Copying Wall Street’s homework: independent, funded by the industry, and upgradable
The reference model Hassabis chose is the U.S. Financial Industry Regulatory Authority (FINRA). In simple terms, it is a self-regulatory organization funded and run by Wall Street broker-dealers themselves, but which accepts oversight by the U.S. Securities and Exchange Commission (SEC). It audits whether financial institutions follow the rules, and when something goes wrong, it can issue fines and suspend privileges. He wants to transplant the same logic into AI: funded by the industry, but with decision-making power entrusted to people who are not affiliated with any one company.
In terms of specific design, the new organization’s board would have independent technical experts as the majority.
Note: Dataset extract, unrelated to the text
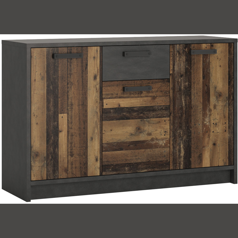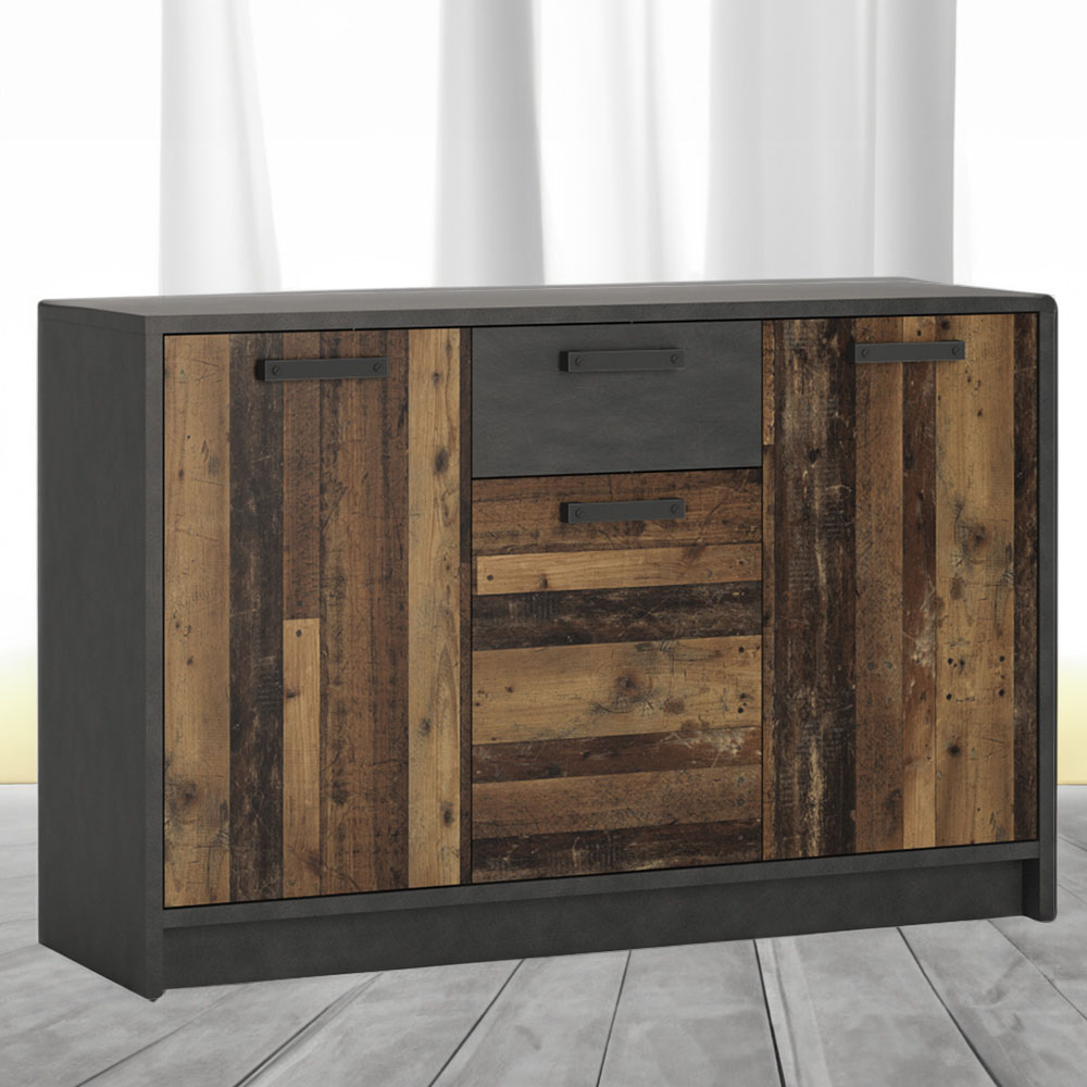 Enhance your home',s aesthetic with the Brooklyn Walnut and Dark Matera Grey Cabinet. This industrial-style storage solution boasts ample space and a design that complements diverse interiors. Crafted from durable, scratch, damage, moisture, and heat-resistant laminated chipboard, this cabinet offers practicality and style. Its three doors and single drawer provide convenient storage, while uniquely designed handles ensure easy access. A charming addition to any room.

Members would include heavyweight figures on the level of Turing Award winners, and additional seats would be reserved for representatives from industry, government, and open-source communities. The funding would come entirely from for-profit top AI labs. The entities subject to review would be all models that meet the frontier threshold—regardless of where a company’s headquarters is, and whether the model is open-source or closed-source—treated equally. The review would take up to 30 days, and the threshold itself would also be updated periodically as model capabilities evolve.
Hassabis emphasized that the strength of this mechanism can be scaled up depending on how severe the situation is. In the most extreme case, it could even coordinate multiple labs together to slow down research efforts. His ideal timeline is that he hopes the organization can start operating as early as possible before the end of this year.
The industry nods—what’s hard is getting governments to nod
Before the public announcement, Hassabis had already privately shown the draft to nearly all major AI labs, including people he calls friends—such as Anthropic CEO Dario Amodei.
Amodei had suggested earlier that the U.S. should set up a dedicated agency similar to the Federal Aviation Administration (FAA) to regulate AI, and Altman has also proposed a similar international oversight initiative. In a Bloomberg interview, Hassabis said: “We talked about a lot, and I believe it is highly compatible with the ideas that Dario and Sam have been putting forward all along. We just need a concrete plan—not an abstract concept.”
As a Nobel Prize winner who has spent more time than most in AI research, Hassabis indeed has fewer enemies than Musk or Altman, and it is easier for him to build consensus within the industry. But an unnamed AI industry leader reminded that industry consensus alone isn’t enough—the real problem is political: to date, the U.S. Congress has not passed any meaningful federal AI legislation, and the Trump administration’s stance toward AI has been swinging between laissez-faire and intervention. The regulatory paths among the U.S., the European Union, and China also often diverge. Hassabis is optimistic that the momentum right now may be enough to truly carry this all the way past the finish line. But he also knows: “What comes next is to figure out how to actually implement it—not just publish a blog post.”